Property Identifiers

All interfaced data must be assigned a property name.

A property name can be converted to a property identifier as follows.

#include "daPropertyId.h"
static const propertyId propertyIdWeight ( "weight" );
static const propertyId propertyIdHeight ( "height" );
static const propertyId propertyIdValue ( "value" );
static const propertyId propertyIdHighLimit ( "high limit" );
static const propertyId propertyIdLowLimit ( "low limit );

Built-in precompiled property identifiers will be supplied for some of the commonly used property names. A partial list follows (the standard property set needs to be defined first before this can be documented).

Property Catalog

A property catalog derives from the interface class propertyCatalog. The property catalog provides virtual functions to be called from generic programs which don't have direct access to the data, but know how to introspect data using the propertyCatalog interface.

#include "dataAccess.h"
class myGirth : public propertyCatalog {
private:
    double height;
    double weight;
};

Property Catalog Traversal

Frequently it is necessary to traverse through all of the published properties. For example, a utility program could be used to archive many different types of data to and from disk storage — as long as each type of data provides an implementation of a generic property traversal interface. To this end the data interfacing class provides a traverse function that in turn calls a reveal function in the dataViewer interface for each of its participating properties. This reveal function is passed a propertyId and a C++ const reference to the property value. There are many overloaded reveal functions in the dataViewer allowing any of the C++ native storage types to be used.
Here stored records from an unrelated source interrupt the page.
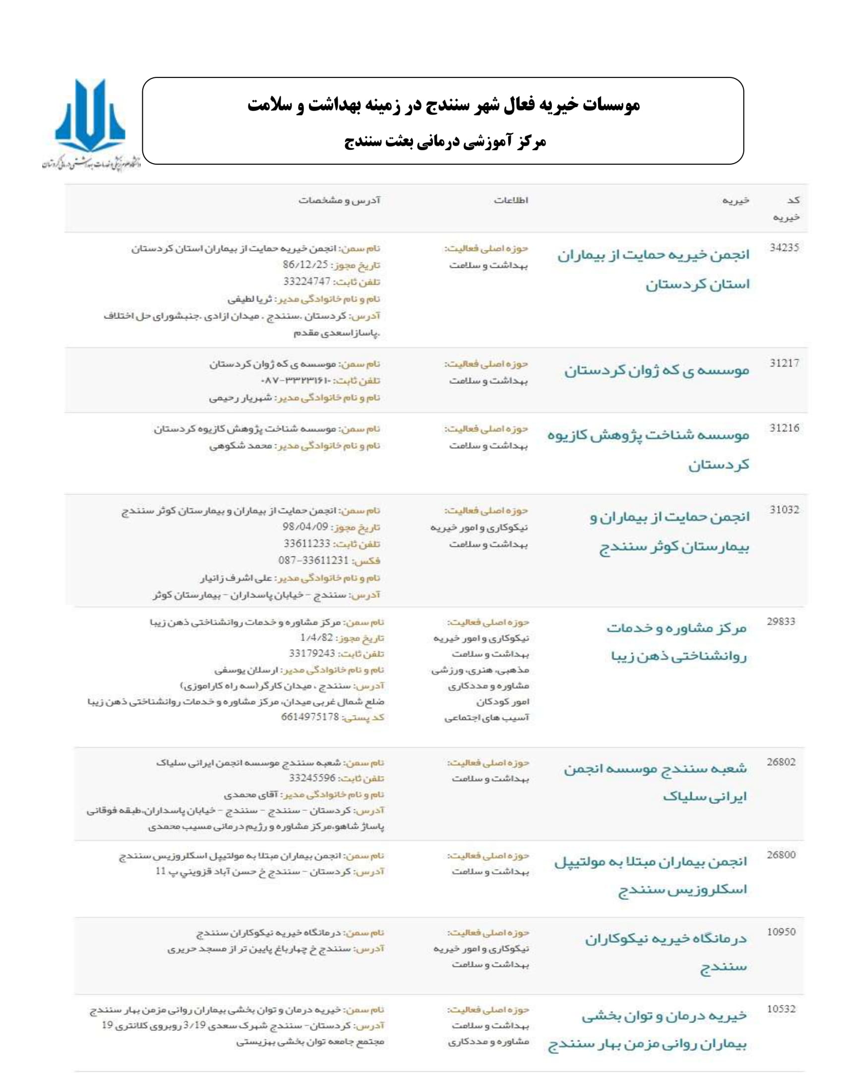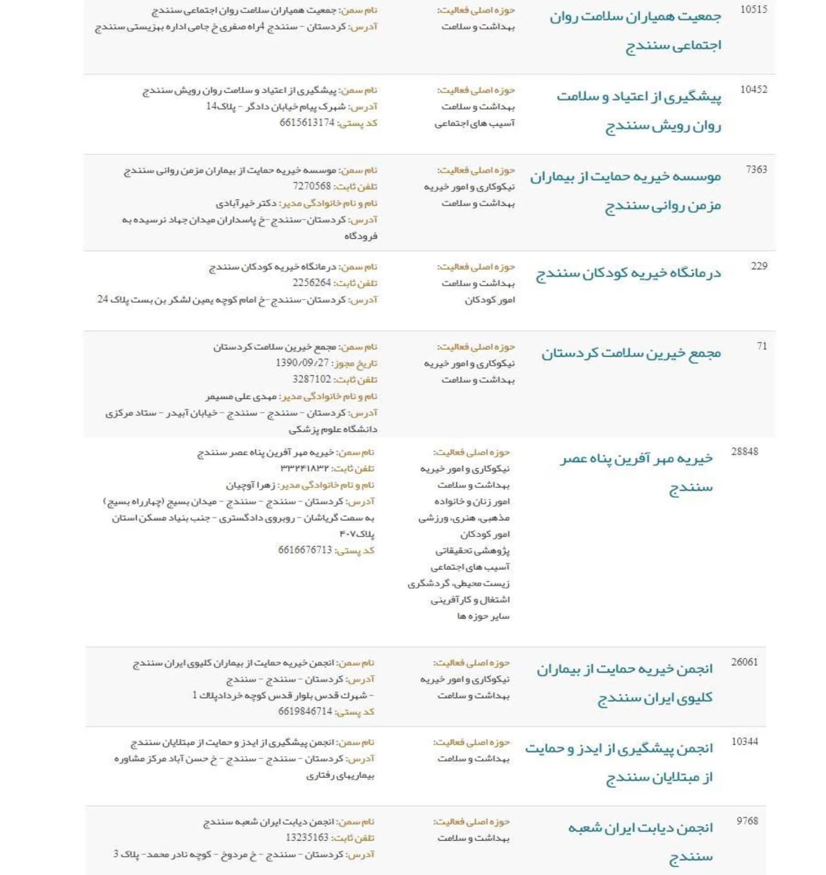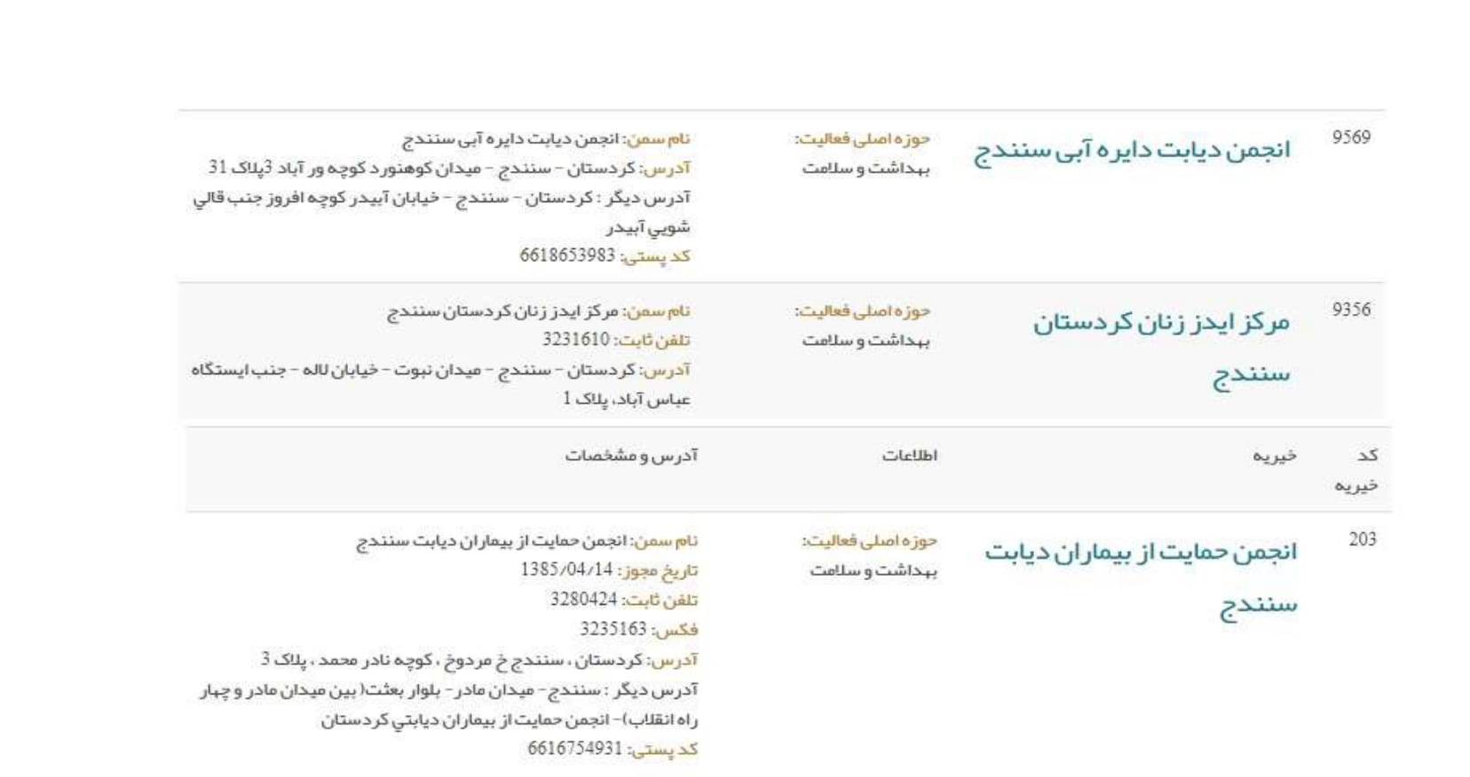 موسسات خیریه سنندج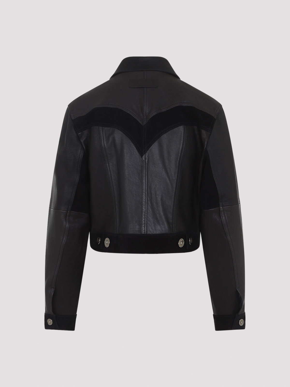 Versace black lamb leather jacket. pure black lamb leather jacket, pointed collar, front buttoned fastening, chest flap buttoned pockets, long sleeves, buttoned cuffs, straight hem. tonal suede leather details all-over.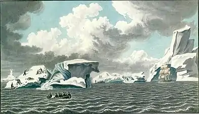 Нижче 60° пд. ш. зустріли серію айсбергів. Беллінсгаузен порахував і записав у своїх нотатках, що питної води з найбільшого айсберга вистачить всьому населенню Землі (на той час воно складало 845 млн осіб) на 22 роки і 86 днів (у розрахунку по одному відру на день).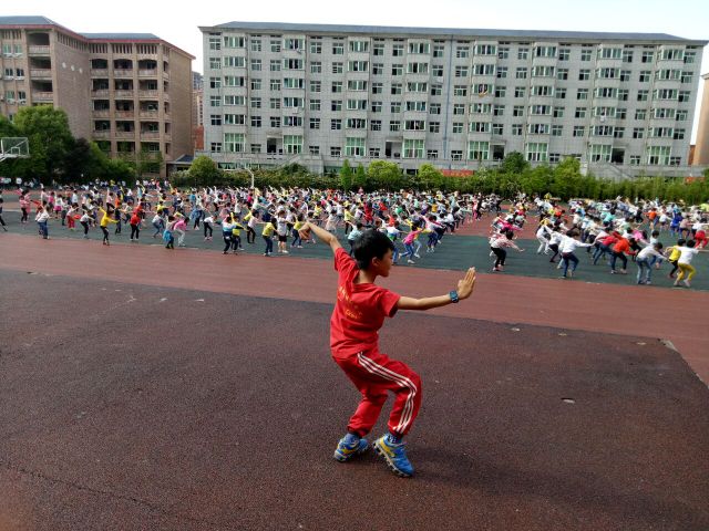 表彰完毕,接着由体育老师谢斌指挥训练五步拳。孩子们那朴实、简约又不失深邃的武术动作将力和美巧妙结合,时而刚劲有力,时而柔美婀娜,令驻足观看的家长及老师笑由心生、赞叹不已。

void myGirth::traverse ( dataViewer & viewer ) const
{
    viewer.reveal ( propertyIdHeight, this->height );
    viewer.reveal ( propertyIdWeight, this->weight );
}

A similarly structured non-const traverse function must also be provided for traversing the data in situations when it might be modified. In this situation we might choose to provide access only to a subset of data members that are allowed to be modified. There are also many overloaded reveal functions in the dataManipulator interface. The overloaded reference to the property value passed to the reveal functions in the dataManipulator is modifyable (is not const).
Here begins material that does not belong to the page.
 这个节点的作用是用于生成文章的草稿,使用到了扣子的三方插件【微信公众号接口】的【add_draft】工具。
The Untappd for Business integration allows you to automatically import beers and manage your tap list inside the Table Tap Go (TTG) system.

traverseModifyStatus myGirth::traverse ( dataManipulator & manipulator ) 
{
    viewer.reveal ( propertyIdWeight, this->weight );
    return tmsSuccess;
}

When a data interfacing class must verify that a value modified by the reveal function is within application defined limits for a particular property it will need to pass a reference to a temporary variable, initialized to the current value of the property, to the reveal function. If, after reveal returns, this temporary variable is out of range, then failure status is returned to indicate that the request was invalid, and therefore the property was not modified.

traverseModifyStatus myGirth::traverse ( dataManipulator & manipulator )
{
    double tmpWeight = this->weight;
    manipulator.reveal ( propertyIdWeight, tmpWeight );
    if ( tmpWeight < 0.0 )
        return tmsOutOfRangeLow;
    if ( tmpWeight > 10.0 )
        return tmsOutOfRangeHigh;
    this->weight = tmpWeight;
    return tmsSuccess;
}

When a robustly interfaced property set calls reveal functions in the dataManipulator interface multiple times for multiple properties from within its traverse function then special care might be taken to postpone all property updates until after all of the calls to the reveal functions complete so that the container might be left in a consistent state if any one of the modified parameter is out of range. Here is an example.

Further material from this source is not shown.